What the task requires -
No pictures go into the copy. Write out exactly the lines below from the one containing "생활임금조례 제정 촉구 기자회견 관련 언론보도입니다~" through the one containing "Beschreibung: cca 1910".
::: Material shown :::
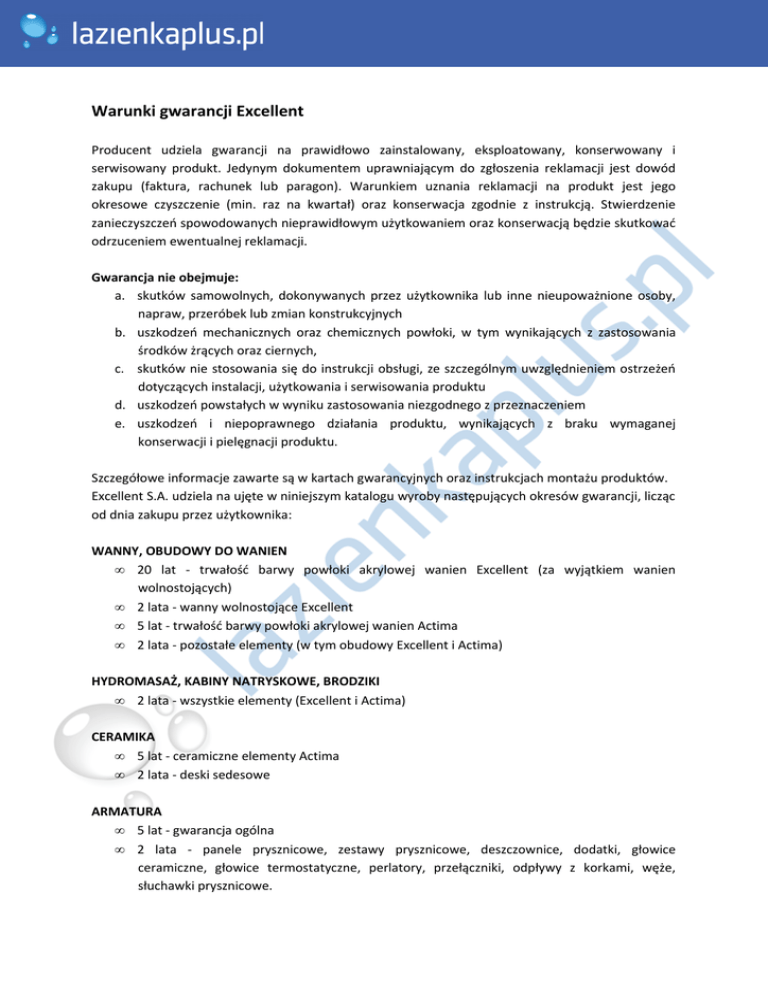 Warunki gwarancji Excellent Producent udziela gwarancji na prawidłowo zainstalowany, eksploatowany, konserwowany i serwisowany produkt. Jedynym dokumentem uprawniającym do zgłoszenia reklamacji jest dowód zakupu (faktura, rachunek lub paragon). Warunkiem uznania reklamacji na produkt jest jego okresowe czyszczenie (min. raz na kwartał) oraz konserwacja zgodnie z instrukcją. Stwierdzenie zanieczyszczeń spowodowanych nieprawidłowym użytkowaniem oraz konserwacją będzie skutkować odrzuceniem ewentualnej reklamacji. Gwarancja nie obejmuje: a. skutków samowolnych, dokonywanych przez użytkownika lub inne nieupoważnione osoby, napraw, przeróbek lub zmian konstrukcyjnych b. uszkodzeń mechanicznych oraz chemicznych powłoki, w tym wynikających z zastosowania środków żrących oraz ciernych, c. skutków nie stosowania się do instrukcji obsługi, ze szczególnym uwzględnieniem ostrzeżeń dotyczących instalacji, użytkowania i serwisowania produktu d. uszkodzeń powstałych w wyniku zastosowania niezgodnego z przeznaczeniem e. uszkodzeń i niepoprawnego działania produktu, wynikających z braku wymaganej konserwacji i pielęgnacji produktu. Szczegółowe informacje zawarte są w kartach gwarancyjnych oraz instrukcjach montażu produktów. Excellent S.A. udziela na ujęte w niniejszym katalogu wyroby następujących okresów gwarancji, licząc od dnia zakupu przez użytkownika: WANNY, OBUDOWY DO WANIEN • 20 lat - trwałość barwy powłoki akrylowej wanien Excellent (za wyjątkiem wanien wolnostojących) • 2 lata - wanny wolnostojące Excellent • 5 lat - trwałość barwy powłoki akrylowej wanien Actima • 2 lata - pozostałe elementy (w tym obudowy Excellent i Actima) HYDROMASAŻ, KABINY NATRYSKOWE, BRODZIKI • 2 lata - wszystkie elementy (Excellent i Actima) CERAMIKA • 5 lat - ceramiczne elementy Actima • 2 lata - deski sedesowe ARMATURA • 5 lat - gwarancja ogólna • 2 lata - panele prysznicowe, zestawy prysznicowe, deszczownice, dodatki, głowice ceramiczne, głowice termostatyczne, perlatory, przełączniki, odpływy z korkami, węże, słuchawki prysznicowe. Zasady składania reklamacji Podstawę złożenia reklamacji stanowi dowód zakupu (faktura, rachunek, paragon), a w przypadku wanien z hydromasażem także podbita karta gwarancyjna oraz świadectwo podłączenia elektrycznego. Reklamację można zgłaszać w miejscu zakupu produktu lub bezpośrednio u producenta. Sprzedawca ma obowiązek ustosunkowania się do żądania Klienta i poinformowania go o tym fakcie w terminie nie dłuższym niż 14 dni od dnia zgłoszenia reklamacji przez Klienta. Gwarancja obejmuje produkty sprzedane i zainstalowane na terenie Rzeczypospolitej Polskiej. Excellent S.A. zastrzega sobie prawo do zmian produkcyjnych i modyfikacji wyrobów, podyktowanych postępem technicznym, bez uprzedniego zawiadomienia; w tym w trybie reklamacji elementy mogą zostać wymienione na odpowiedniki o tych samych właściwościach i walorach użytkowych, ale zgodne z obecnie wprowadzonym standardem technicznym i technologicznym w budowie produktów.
:::
::: Material shown :::
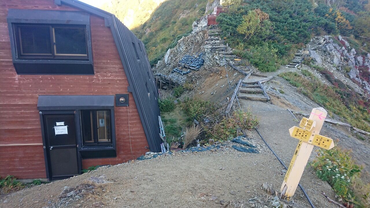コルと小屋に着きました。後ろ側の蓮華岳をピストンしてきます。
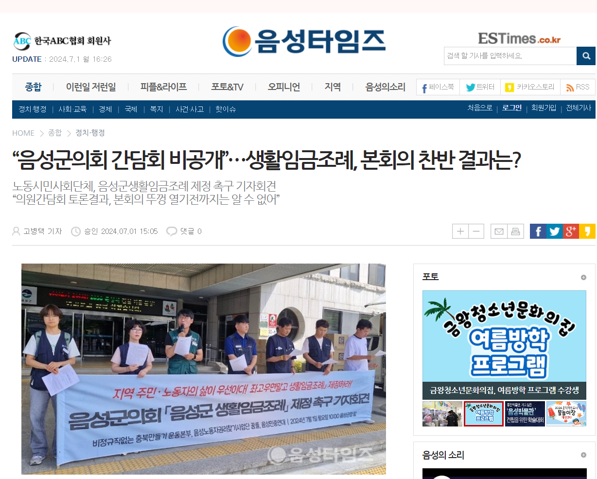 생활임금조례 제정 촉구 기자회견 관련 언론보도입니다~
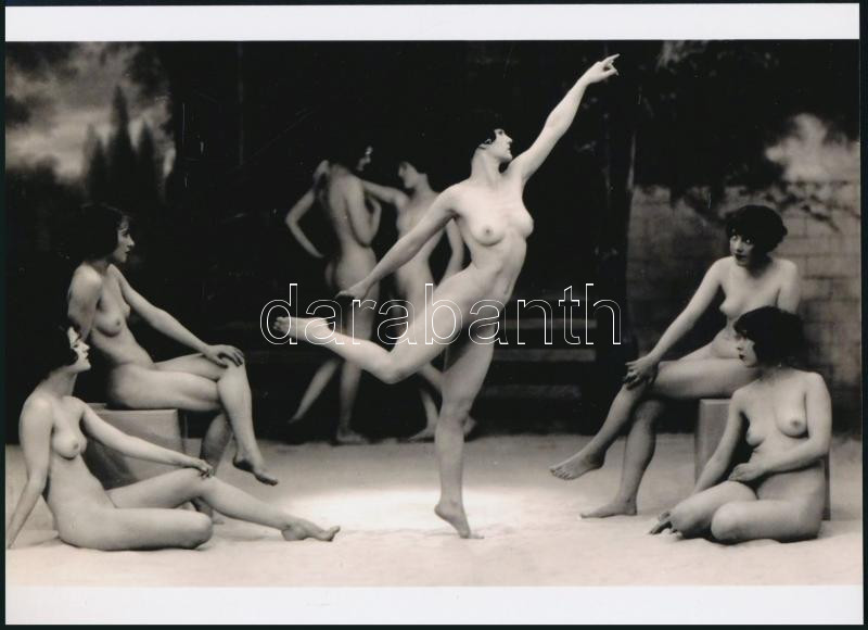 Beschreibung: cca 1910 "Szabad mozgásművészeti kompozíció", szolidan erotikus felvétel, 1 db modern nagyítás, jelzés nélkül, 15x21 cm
:::
Solution for this task -
 생활임금조례 제정 촉구 기자회견 관련 언론보도입니다~
 Beschreibung: cca 1910 "Szabad mozgásművészeti kompozíció", szolidan erotikus felvétel, 1 db modern nagyítás, jelzés nélkül, 15x21 cm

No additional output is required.